> _What the task requires_
For this exercise, copy all the data exactly and include none of the pictures.

> _The data_
=-=-=
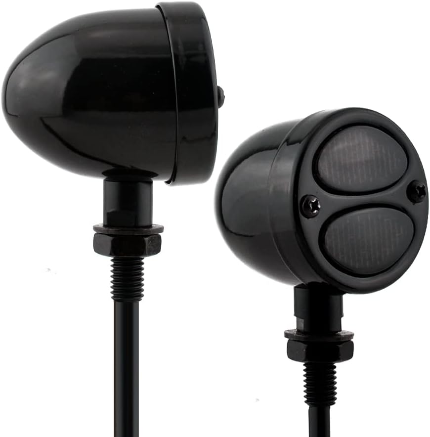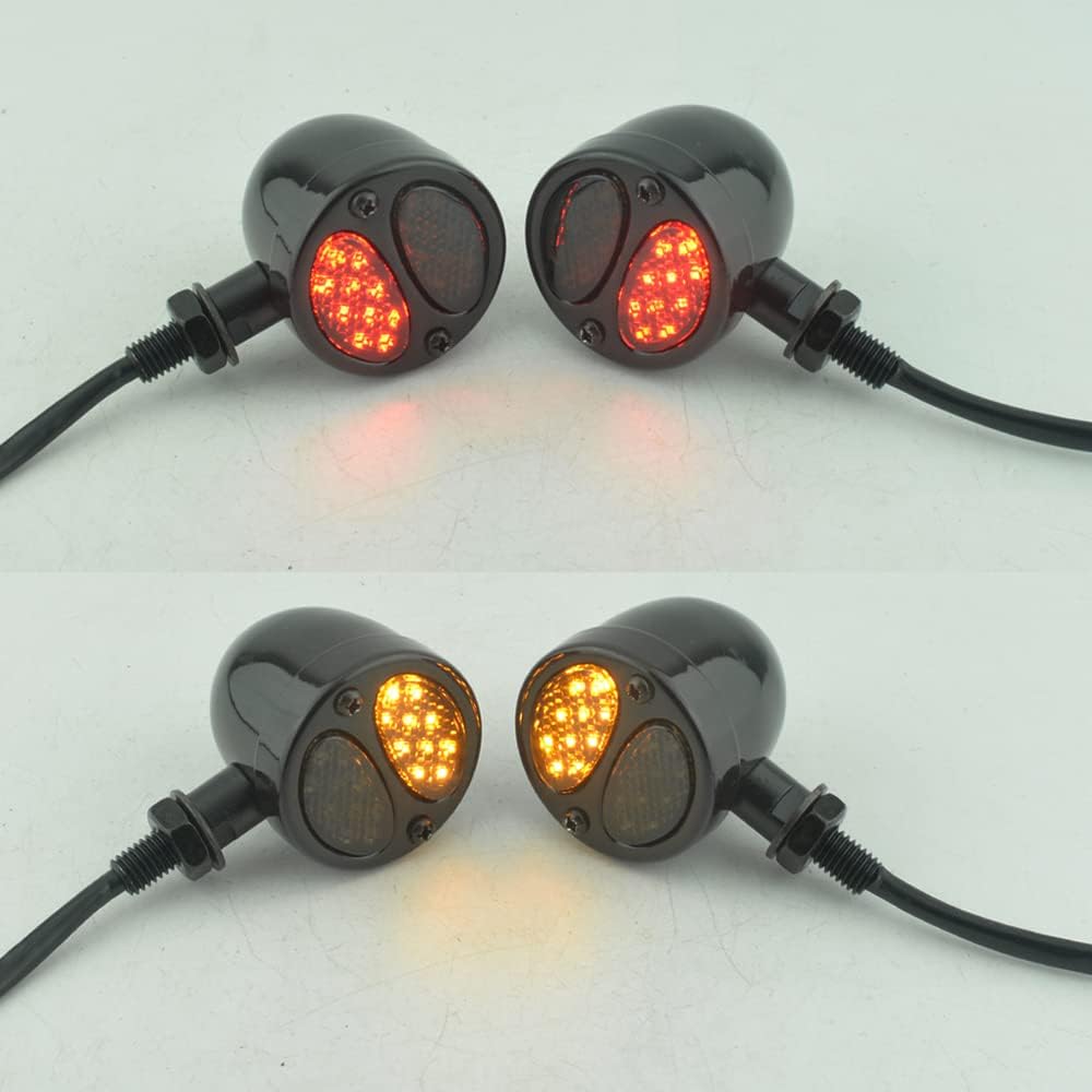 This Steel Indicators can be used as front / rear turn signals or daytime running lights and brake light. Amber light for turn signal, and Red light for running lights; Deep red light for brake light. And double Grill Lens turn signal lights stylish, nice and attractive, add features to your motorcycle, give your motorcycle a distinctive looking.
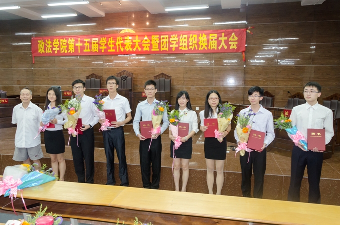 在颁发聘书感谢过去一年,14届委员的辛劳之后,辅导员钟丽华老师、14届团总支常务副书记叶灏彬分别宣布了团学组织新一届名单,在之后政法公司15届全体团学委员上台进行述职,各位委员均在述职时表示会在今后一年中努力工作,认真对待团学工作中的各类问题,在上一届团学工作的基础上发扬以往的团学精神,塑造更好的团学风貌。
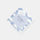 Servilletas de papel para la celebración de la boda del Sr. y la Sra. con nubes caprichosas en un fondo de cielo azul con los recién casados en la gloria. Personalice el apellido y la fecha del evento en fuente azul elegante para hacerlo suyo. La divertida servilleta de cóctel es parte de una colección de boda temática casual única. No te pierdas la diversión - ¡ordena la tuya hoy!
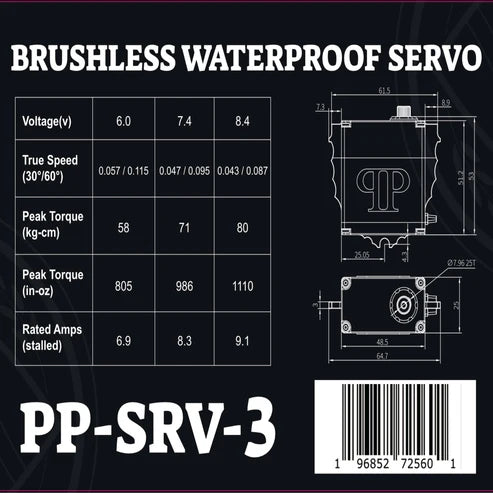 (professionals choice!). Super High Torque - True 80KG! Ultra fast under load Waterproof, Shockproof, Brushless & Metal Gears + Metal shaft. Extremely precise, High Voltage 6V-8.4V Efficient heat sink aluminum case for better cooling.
=-=-=
> _Answer for the task_
 This Steel Indicators can be used as front / rear turn signals or daytime running lights and brake light. Amber light for turn signal, and Red light for running lights; Deep red light for brake light. And double Grill Lens turn signal lights stylish, nice and attractive, add features to your motorcycle, give your motorcycle a distinctive looking.
 在颁发聘书感谢过去一年,14届委员的辛劳之后,辅导员钟丽华老师、14届团总支常务副书记叶灏彬分别宣布了团学组织新一届名单,在之后政法公司15届全体团学委员上台进行述职,各位委员均在述职时表示会在今后一年中努力工作,认真对待团学工作中的各类问题,在上一届团学工作的基础上发扬以往的团学精神,塑造更好的团学风貌。
 Servilletas de papel para la celebración de la boda del Sr. y la Sra. con nubes caprichosas en un fondo de cielo azul con los recién casados en la gloria. Personalice el apellido y la fecha del evento en fuente azul elegante para hacerlo suyo. La divertida servilleta de cóctel es parte de una colección de boda temática casual única. No te pierdas la diversión - ¡ordena la tuya hoy!
 (professionals choice!). Super High Torque - True 80KG! Ultra fast under load Waterproof, Shockproof, Brushless & Metal Gears + Metal shaft. Extremely precise, High Voltage 6V-8.4V Efficient heat sink aluminum case for better cooling.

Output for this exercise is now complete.